LLMs have made simple software trivial
I was out for a run today and I had an idea for an app. I busted out my own app, Quick Notes, and dictated what I wanted this app to do in detail. When I got home, I created a new project in Xcode, I committed it to GitHub, and then I gave Claude Code on the web those dictated notes and asked it to build that app.
About two minutes later, it was done…and it had a build error. 😅
But it was a simple fix, I fixed it, and the app was running on my phone. And you know what? It worked. The UI wasn't perfect, but it was damn close. And I already had a product that achieved the goal I set out to achieve. All in all, I'd say it was about 10 minutes from idea to functioning MVP (and half of that was finishing my run).
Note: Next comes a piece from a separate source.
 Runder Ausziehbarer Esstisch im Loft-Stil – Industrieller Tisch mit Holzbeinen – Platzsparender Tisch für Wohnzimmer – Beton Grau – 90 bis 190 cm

Now, of course, I've already spent another 30 minutes iterating on this initial design, fixing some weird issues I came across and thinking of other logical features to add. But still, we're well less than one hour away from even having the idea, and I have something that I could genuinely use for this purpose on my phone.
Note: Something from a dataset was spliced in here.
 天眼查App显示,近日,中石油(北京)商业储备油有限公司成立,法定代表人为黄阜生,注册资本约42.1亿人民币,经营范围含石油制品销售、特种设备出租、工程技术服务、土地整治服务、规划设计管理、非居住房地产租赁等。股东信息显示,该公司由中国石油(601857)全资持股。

There's more work to do, and I don't plan on making this a public app. It's more something that's extremely specific to my needs, but I can't help but start to wonder what the ramifications are in a world where generating software like this is so trivial. Yes, I'm an experienced product and design person with some development skills, and obviously, software development has gotten easier over the years, and I would bet that even before ChatGPT released in 2022, there were more people developing software than there ever had been in the world. But it really feels like this lowers the barrier to entry by an order of magnitude that simply must have ramifications.
As a simple example, it's possible the app that I thought of could already be achieved in some piece of software someone's released on the App Store. Truth be told, I didn't even look, I just knew exactly what I wanted, and I made it happen. This is a quite niche thing to do in 2026, but what if Apple builds something that replicates this workflow and ships it on the iPhone in a couple of years? What if instead of going to the App Store, they tell you to just ask Siri to make you the app that you need? It feels a bit like when Shortcuts came out and tiny utility apps that just did one thing suddenly became less useful because shortcuts could just do that and people could construct their own. I'm not saying this is a bad thing, but it certainly makes me think about how we're well past the gold rush era of the App Store. I'm also not saying you can't make money with software anymore, but I do think that it's going to take more to stand out from the crowd.
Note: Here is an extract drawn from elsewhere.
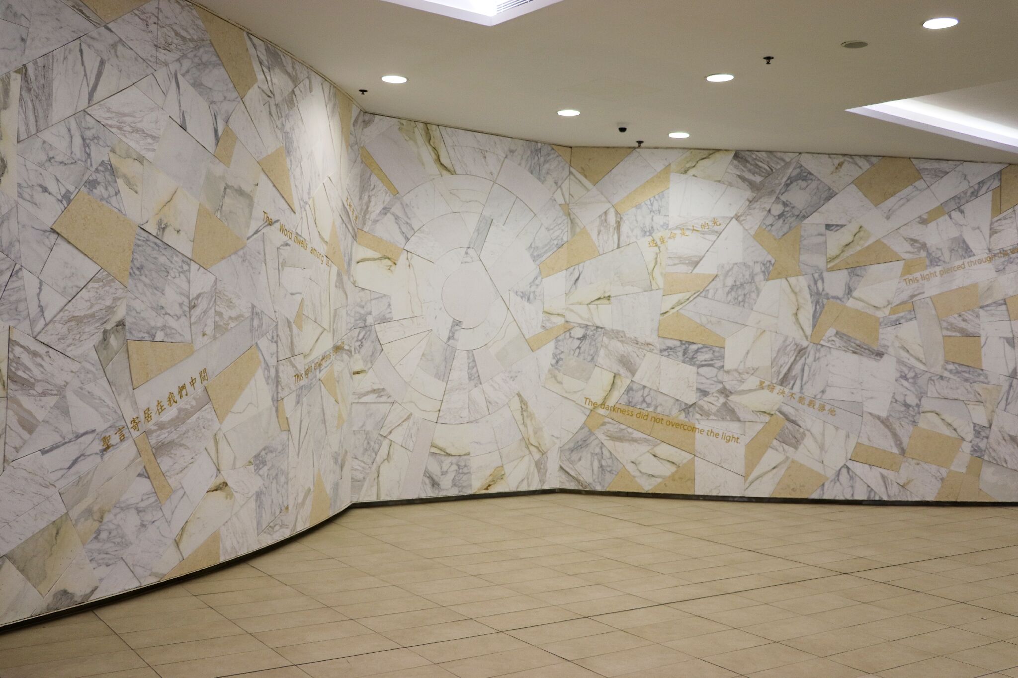 演讲厅外的简约马赛克壁画,圆心辐射出圣言隽语,代表圣方济沙雷氏 传播学问及信仰。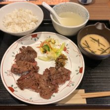 ラストオーダー(14時30分)2分前に飛び込んだ❢。 サービス牛たん定食1100円。 厚みはそれなりだけど、風味と味わいは楽しめるッスよ🤣。 麻布十番で仙台牛たん、オススメッスよ。

I'm also thinking about the rise of personalized software in general. With the example above, I bet I could find an app that did what I wanted, but I doubt I could find an app that did exactly what I wanted. In general, software developers for the longest time have tried to make software that is flexible enough to satisfy the needs of as wide an audience as possible. If you didn't like a little detail of how an app worked, well, you would just learn to live with it and get used to it. But in a world where you're the one creating the software, you can just change it. You can make exactly what you want. Does this lead to a world where instead of 100,000 people using Things 3 for their task management, there are 100,000 people all with their own task manager that works exactly how they want? Is there a world where Cultured Code releases things to the App Store and everyone gets the same base functionality, but you can use a large language model to modify the app to your needs? It sounds a little crazy, but I don't think it's impossible in the long run.
I'll leave it there, and I don't have some definitive statement on exactly what I think will happen in the future. I genuinely think this is all up in the air, and nobody really knows what's going to happen. I know it's a cliche and you've probably heard it a thousand times, but one of my favorite quotes is, "we are cursed to live in interesting times." I find myself thinking that a lot lately.